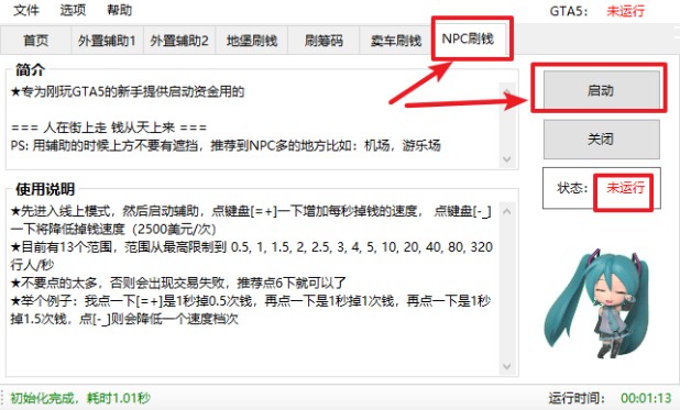 然后我们启动NPC刷钱,启动成功后,小助手里会显示已运行。
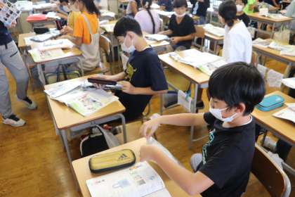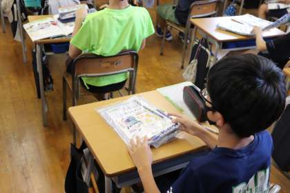 裁縫で「袋作り」に取り組みます。その前に、目的に合わせて袋の「形や大きさ、デザイン」「縫い方」「材料」が違うことを話し合いました。そして授業の終わりに、教師から袋の材料が配られました。
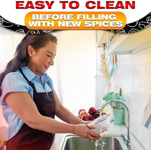 Easy-to-Use Spice Containers with Lids: Each spice jar features a two-sided flip-top lid for easy shaking. The removable seal keeps seasonings fresh, making these jars perfect for long-term storage.
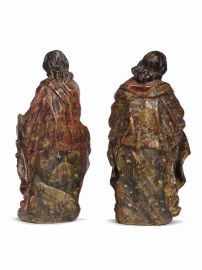 in legno scolpito, intagliato e dipinto in policromia a estofado, raffiguranti gli evangelisti Matteo e Giovanni, alt. cm 28
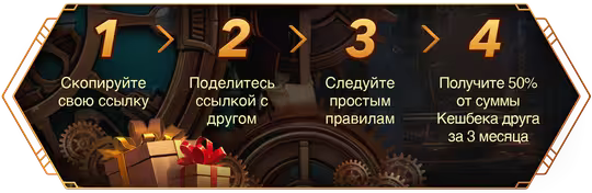 А в рамках реферальной программы можно получить до 50% кэшбэка от ставок, сделанных вашими друзьями. Отправляйте им ссылку для регистрации и забирайте ценные подарки на протяжении следующих трех месяцев, при условии, что они активно играют на деньги.
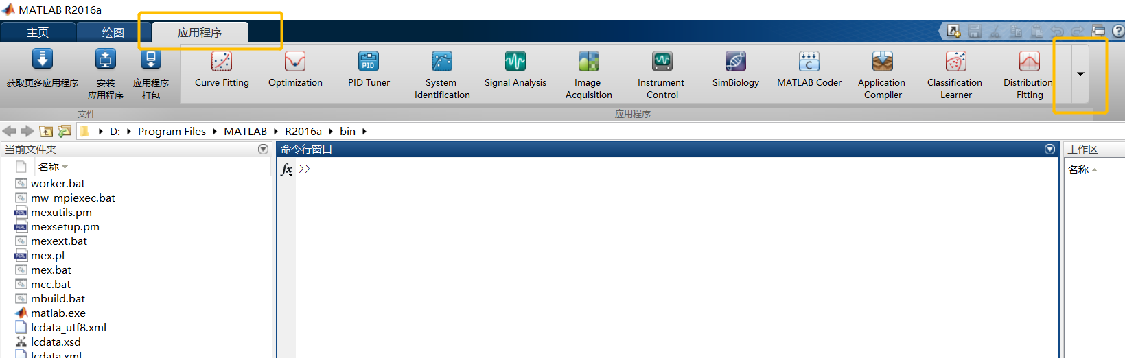 打开matlab,点击应用程序,点击小箭头来显示下拉列表
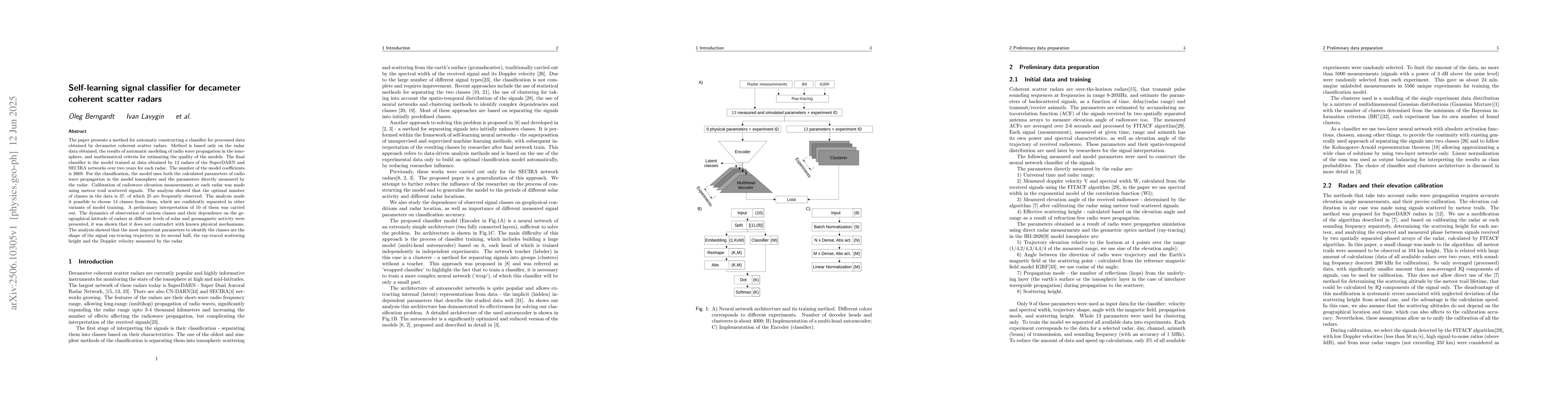 The paper presents a method for automatic constructing a classifier for processed data obtained by decameter coherent scatter radars. Method is based only on the radar data obtained, the results of automatic modeling of radio wave propagation in the ionosphere, and mathematical criteria for estimating the quality of the models. The final classifier is the model trained at data obtained by 12 radars of the SuperDARN and SECIRA networks over two years for each radar. The number of the model coefficients is 2669. For the classification, the model uses both the calculated parameters of radio wave propagation in the model ionosphere and the parameters directly measured by the radar. Calibration of radiowave elevation measurements at each radar was made using meteor trail scattered signals. The analysis showed that the optimal number of classes in the data is 37, of which 25 are frequently observed. The analysis made it possible to choose 14 classes from them, which are confidently separated in other variants of model training. A preliminary interpretation of 10 of them was carried out. The dynamics of observation of various classes and their dependence on the geographical latitude of radars at different levels of solar and geomagnetic activity were presented, it was shown that it does not contradict with known physical mechanisms. The analysis showed that the most important parameters to identify the classes are the shape of the signal ray-tracing trajectory in its second half, the ray-traced scattering height and the Doppler velocity measured by the radar.
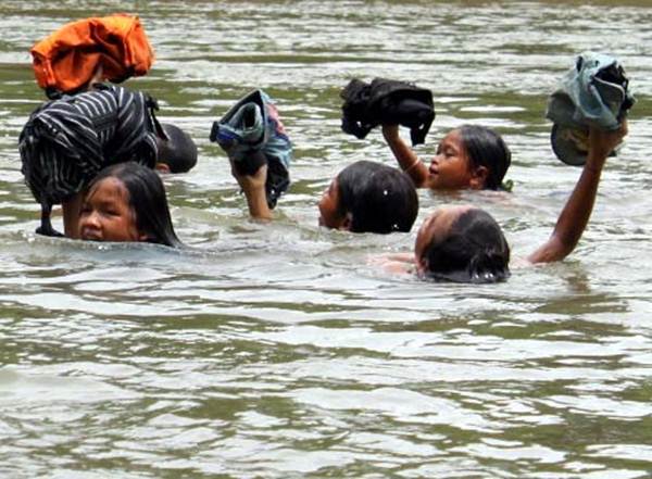 Gần một năm nay, học sinh bản Ông Tú và Ka Oóc xã Trọng Hoá phải bơi qua sông học chữ.

____________________

About this task:
With the pictures left aside, set down each entry above exactly as it stands.

Answer to the problem:
 然后我们启动NPC刷钱,启动成功后,小助手里会显示已运行。
 裁縫で「袋作り」に取り組みます。その前に、目的に合わせて袋の「形や大きさ、デザイン」「縫い方」「材料」が違うことを話し合いました。そして授業の終わりに、教師から袋の材料が配られました。
 Easy-to-Use Spice Containers with Lids: Each spice jar features a two-sided flip-top lid for easy shaking. The removable seal keeps seasonings fresh, making these jars perfect for long-term storage.
 in legno scolpito, intagliato e dipinto in policromia a estofado, raffiguranti gli evangelisti Matteo e Giovanni, alt. cm 28
 А в рамках реферальной программы можно получить до 50% кэшбэка от ставок, сделанных вашими друзьями. Отправляйте им ссылку для регистрации и забирайте ценные подарки на протяжении следующих трех месяцев, при условии, что они активно играют на деньги.
 打开matlab,点击应用程序,点击小箭头来显示下拉列表
 The paper presents a method for automatic constructing a classifier for processed data obtained by decameter coherent scatter radars. Method is based only on the radar data obtained, the results of automatic modeling of radio wave propagation in the ionosphere, and mathematical criteria for estimating the quality of the models. The final classifier is the model trained at data obtained by 12 radars of the SuperDARN and SECIRA networks over two years for each radar. The number of the model coefficients is 2669. For the classification, the model uses both the calculated parameters of radio wave propagation in the model ionosphere and the parameters directly measured by the radar. Calibration of radiowave elevation measurements at each radar was made using meteor trail scattered signals. The analysis showed that the optimal number of classes in the data is 37, of which 25 are frequently observed. The analysis made it possible to choose 14 classes from them, which are confidently separated in other variants of model training. A preliminary interpretation of 10 of them was carried out. The dynamics of observation of various classes and their dependence on the geographical latitude of radars at different levels of solar and geomagnetic activity were presented, it was shown that it does not contradict with known physical mechanisms. The analysis showed that the most important parameters to identify the classes are the shape of the signal ray-tracing trajectory in its second half, the ray-traced scattering height and the Doppler velocity measured by the radar.
 Gần một năm nay, học sinh bản Ông Tú và Ka Oóc xã Trọng Hoá phải bơi qua sông học chữ.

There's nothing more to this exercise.